Press Releases
PARIS, Nov. 23, 2020 In a report published today, "How Hydrogen Can Fuel The Energy Transition," S&P Global Ratings says it believes hydrogen can push the energy transition forward, but this would require coordinated policy, lower hydrogen production costs, and massive growth of renewables. Hydrogen has so far occupied a niche in the refining, chemicals, and ammonia fertilizer sectors since it is more expensive than conventional fuels: on an energy-equivalent basis, $2 per kilogram (/kg) of hydrogen equates to a gas price of $17.6 per million British thermal unit.
Governments' decarbonization policies and long-term emission targets are strengthening the case for low-carbon hydrogen, but the cost of producing it from renewables has to fall more than 50% to $2.0/kg-$2.5/kg by 2030 to make hydrogen a viable alternative.
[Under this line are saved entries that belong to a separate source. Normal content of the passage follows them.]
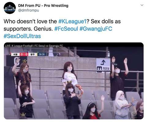 Meanwhile, FC Seoul has a pretty unique idea by using life-sized female dolls in the stands. They’re even applying social distancing rules by sitting two metres apart.
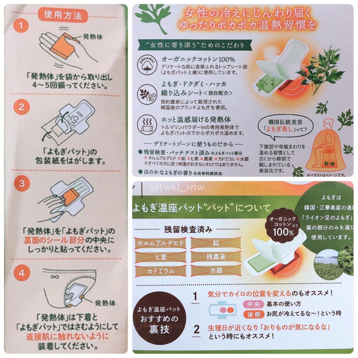 - トップシートにオーガニックコットンを使用しデリケートな肌にもやさしく心地よい肌触りに仕上げた、韓国産よもぎとドクダミ・ハッカが配合された女性のためのナプキン型温熱パットです。 ゆらぎがちな女性の日々に、温めるというアプローチで寄り添います。
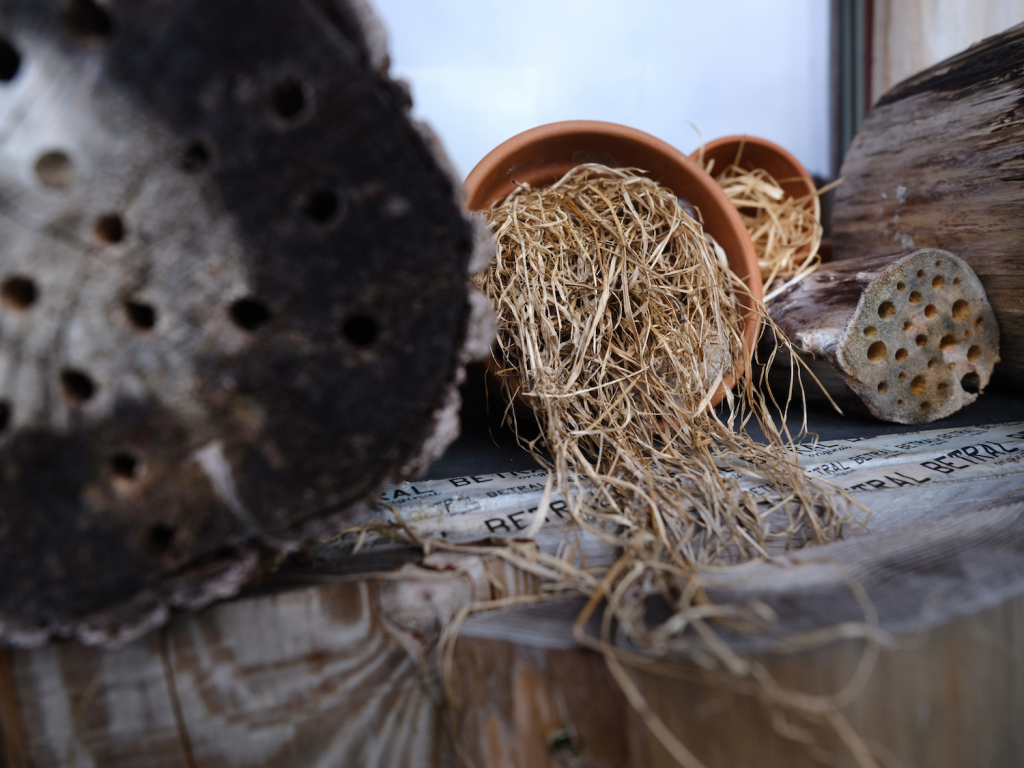 Wilde bijen en andere bestuivers help je door gaatjes te boren in een houtblok. Je kunt ook een stevige, afgewaaide boomtak in stukken van 20 centimeter zagen. Zolang je hard en onbehandeld hout gebruikt, is het goed. Door steeds een ander boortje te kiezen maak je gaatjes met een diameter van 2–10 millimeter. Maak de gangen 3 tot 20 centimeter diep en zorg ervoor dat de achterkant dicht blijft. Schuur de opening mooi glad, dan beschadigen de insecten hun vleugels niet. Hang het houtblok op een beschutte, droge plek (op het zuiden), minimaal een meter boven de grond.
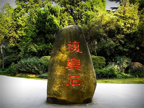 进入公园后,一直向前走,可以看到一块巨石,上书复兴石仨字,复兴石的背面刻有复兴岛的历史记录碑文。碑文如下:复兴岛公园初为上海浚浦局外籍员工俱乐部,“一二八”事变后,被日军侵占改作军事头目的别墅。对其园林部分按日本庭园风格进行改建,遍植樱花。抗战胜利后复归浚浦局,1945年建造“复兴岛收回纪念碑”一块,1967年被毁。上海解放后,复兴岛公园由港务局接管,上海市工务局园场管理处对园艺布局作了适当调整,增辟大草坪即行开放,公园以岛名命名。文化大革命期间,复兴岛公园曾改名为:“共青公园”,1977年复沿原名。
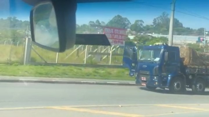 Ainda nas imagens, é possível ouvir que quem faz a filmagem começa a gritar desesperado para os condutores: ‘Sai, sai, sai’. O caminhão só para quando colide contra uma mureta. Segundo a Polícia Militar, o motorista do caminhão foi sequestrado momentos antes e mantido refém. Na sequência, ele foi liberado pelos criminosos, que fugiram com o veículo.
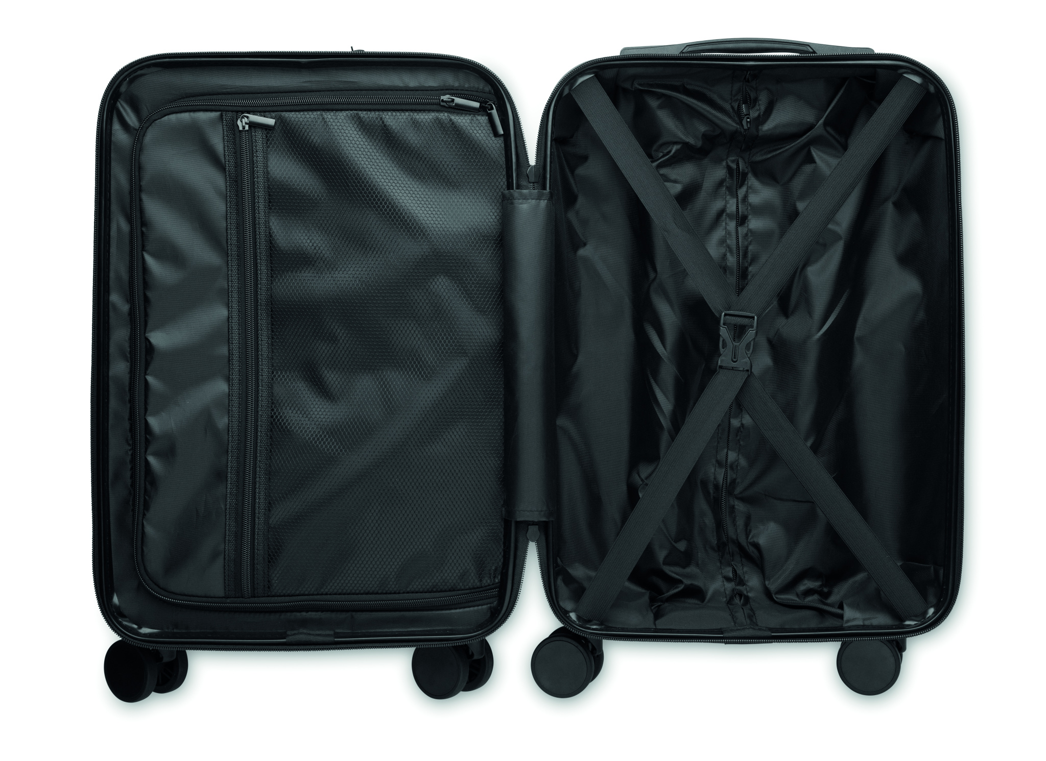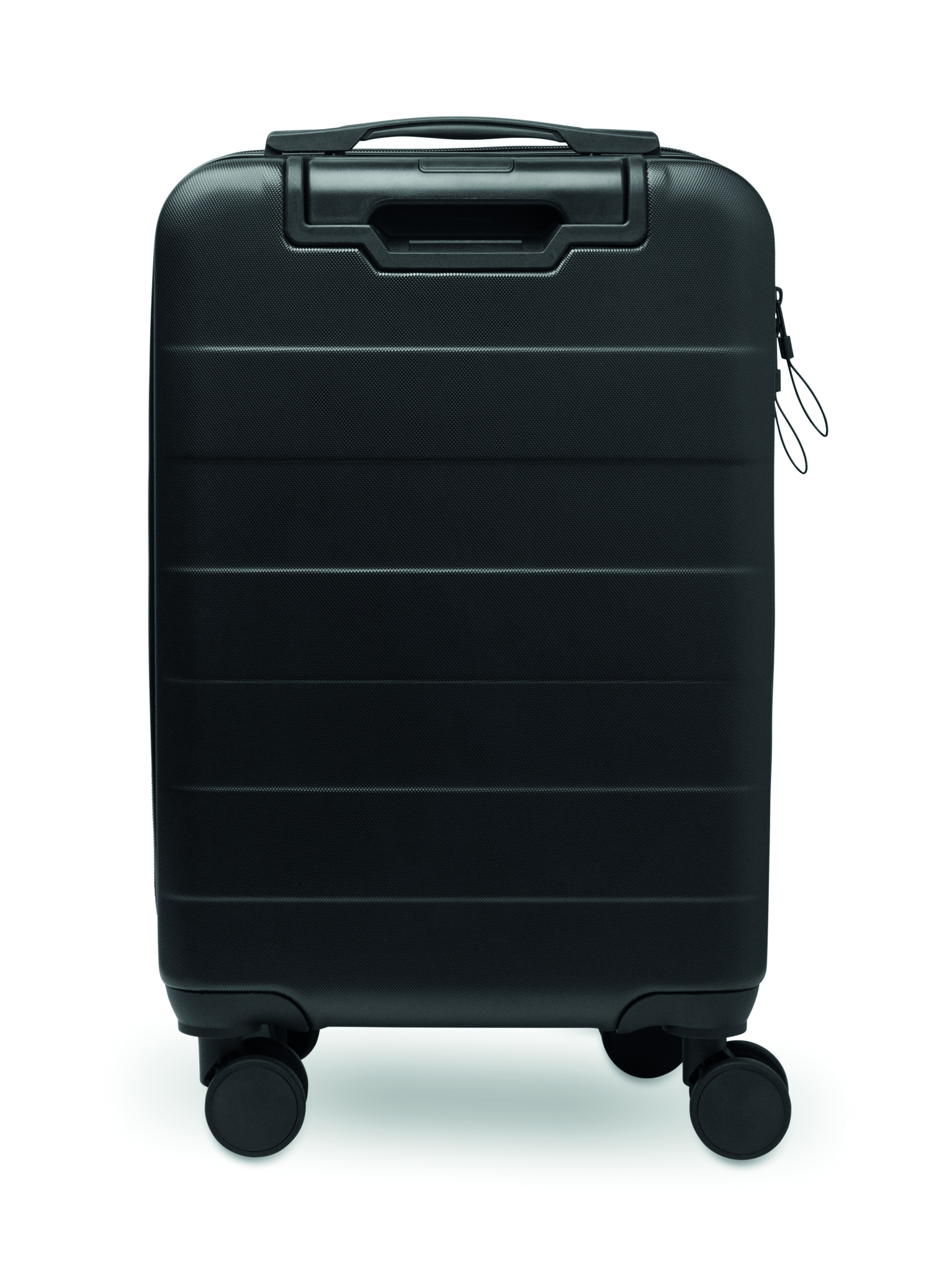 20 inch hard-shell trolley in ABS. 1 main compartment with inner compartment. Additional front zippered compartment for documents and padded 15'' laptop compartment. Includes a security lock (TSA). Rides on 4 wheels.

This may be attainable with solar or wind production costs of $20 per megawatt hour (/MWh) to $30/MWh, or lower, if capital spending on electrolyzers also declines by 30%-50% as plants are built at industrial scale.
"Ample availability of competitive renewable sources and simultaneous support for blue hydrogen (with CO2 capture and storage) are therefore prerequisites for hydrogen to take a more prominent position in the energy transition," said S&P Global Ratings credit analyst Massimo Schiavo. "A Hydrogen Council report suggests that hydrogen could account for 15% of global primary energy supply by 2050. Yet the huge cost of producing it is a potential stumbling block. It's more likely that hydrogen developments this decade will be for the production of commercial transport vehicles, assuming fuel-cell costs decline."
"A truly hydrogen-based economy, in which hydrogen, not gas, is used to heat buildings and balance the power grid, for example, therefore appears out of reach, at least before 2030. It would necessitate zero-carbon policies and renewables comprising at least 70%-80% of the power mix, considering that the most cost-efficient way to decarbonize is to replace coal- and gas-fired power with renewables," added S&P Global Ratings Head of Infrastructure Research Karl Nietvelt.
Related Research
- WEBCAST/SLIDES: The Energy Transition And COVID-19: A Pivotal Moment For Climate Policies And Energy Companies, Oct. 8, 2020
- SLIDES: The Energy Transition And COVID-19: A Pivotal Moment For Climate Policies And Energy Companies, Oct. 8, 2020
- The Energy Transition And COVID-19: A Pivotal Moment For Climate Policies And Energy Companies, Sept. 24, 2020
- The Energy Transition: The Effect Of COVID-19 Economic Recovery Policies, Sept. 24, 2020
- The Energy Transition: Does COVID-19 Bend The Emissions Curve To 2 Degrees?, Sept. 24, 2020
- The Energy Transition: COVID-19 And Peak Oil Demand, Sept. 24, 2020
- The Energy Transition: COVID-19 Undermines The Role Of Gas As A Bridge Fuel, Sept. 24, 2020
- The Energy Transition: COVID-19 Could Make 2020 Crucial For Renewables, Sept. 24, 2020
This report does not constitute a rating action.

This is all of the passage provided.